Genomic analysis suggests that there is a global division in Neanderthal introgression between Sub-Saharan African populations and other modern human groups (including North Africans) rather than between African and non-African populations. North African groups share a similar excess of derived alleles with Neanderthals as do non-African populations, whereas Sub-Saharan African groups are the only modern human populations that generally did not experience Neanderthal admixture. The Neanderthal genetic signal among North African populations was found to vary depending on the relative quantity of autochthonous North African, European, Near Eastern and Sub-Saharan ancestry. Using f4 ancestry ratio statistical analysis, the Neanderthal inferred admixture was observed to be: highest among the North African populations with maximal autochthonous North African ancestry such as Tunisian Berbers, where it was at the same level or even higher than that of Eurasian populations (100–138%); high among North African populations carrying greater European or Near Eastern admixture, such as groups in North Morocco and Egypt (∼60–70%); and lowest among North African populations with greater Sub-Saharan admixture, such as in South Morocco (20%). Quinto et al. (2012) therefore postulate that the presence of this Neanderthal genetic signal in Africa is not due to recent gene flow from Near Eastern or European populations since it is higher among populations bearing indigenous pre-Neolithic North African ancestry. The Neanderthal-linked haplotype B006 of the dystrophin gene has also been found among nomad pastoralist groups in the Sahel and Horn of Africa, who are associated with northern populations. Consequently, the presence of this B006 haplotype on the northern and northeastern perimeter of Sub-Saharan Africa is attributed to gene flow from a non-African point of origin. Low but significant rates of Neanderthal admixture has also been observed for the Maasai of East Africa. After identifying African and non-African ancestry among the Maasai, it can be concluded that recent non-African modern human (post-Neanderthal) gene flow was the source of the contribution since around an estimated 30% of the Maasai genome can be traced to non-African introgression from about 100 generations ago.
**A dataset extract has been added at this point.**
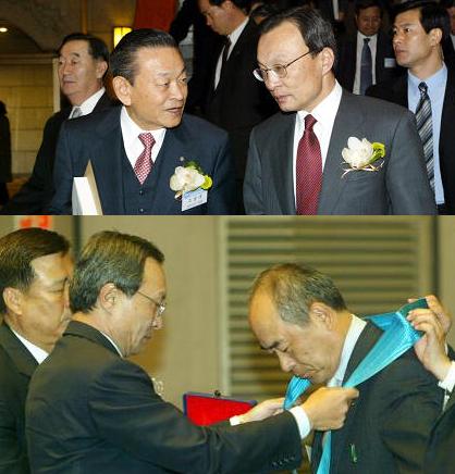 <조남욱 삼부토건 회장(상단 왼쪽)이 2005년 1월 이해찬 총리와 한국경영자총연합회를 나서고 있다.
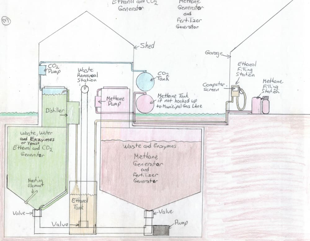 Extract oil from Corn, Soy Bean, Hemp, or anything that creates oil. The waste from that is poured into an Ethanol+CO2 Generator where it ferments. After the Ethanol+CO2 is extracted, the waste is pumped into a Methane and Fertilizer Generator where it rots. After Methane is extracted, the waste is Liquid Fertilizer.

No evidence of Neanderthal mitochondrial DNA has been found in modern humans. This would suggest that successful admixture with Neanderthals happened paternally rather than maternally on the side of Neanderthals. Possible hypotheses are that Neanderthal mitochondrial DNA had detrimental mutations that led to the extinction of carriers, that the hybrid offspring of Neanderthal mothers were raised in Neanderthal groups and became extinct with them, or that female Neanderthals and male Sapiens did not produce fertile offspring.
As shown in an interbreeding model produced by Neves and Serva (2012), the Neanderthal admixture in modern humans may have been caused by a very low rate of interbreeding between modern humans and Neanderthals, with the exchange of one pair of individuals between the two populations in about every 77 generations. This low rate of interbreeding would account for the absence of Neanderthal mitochondrial DNA from the modern human gene pool as found in earlier studies, as the model estimates a probability of only 7% for a Neanderthal origin of both mitochondrial DNA and Y chromosome in modern humans.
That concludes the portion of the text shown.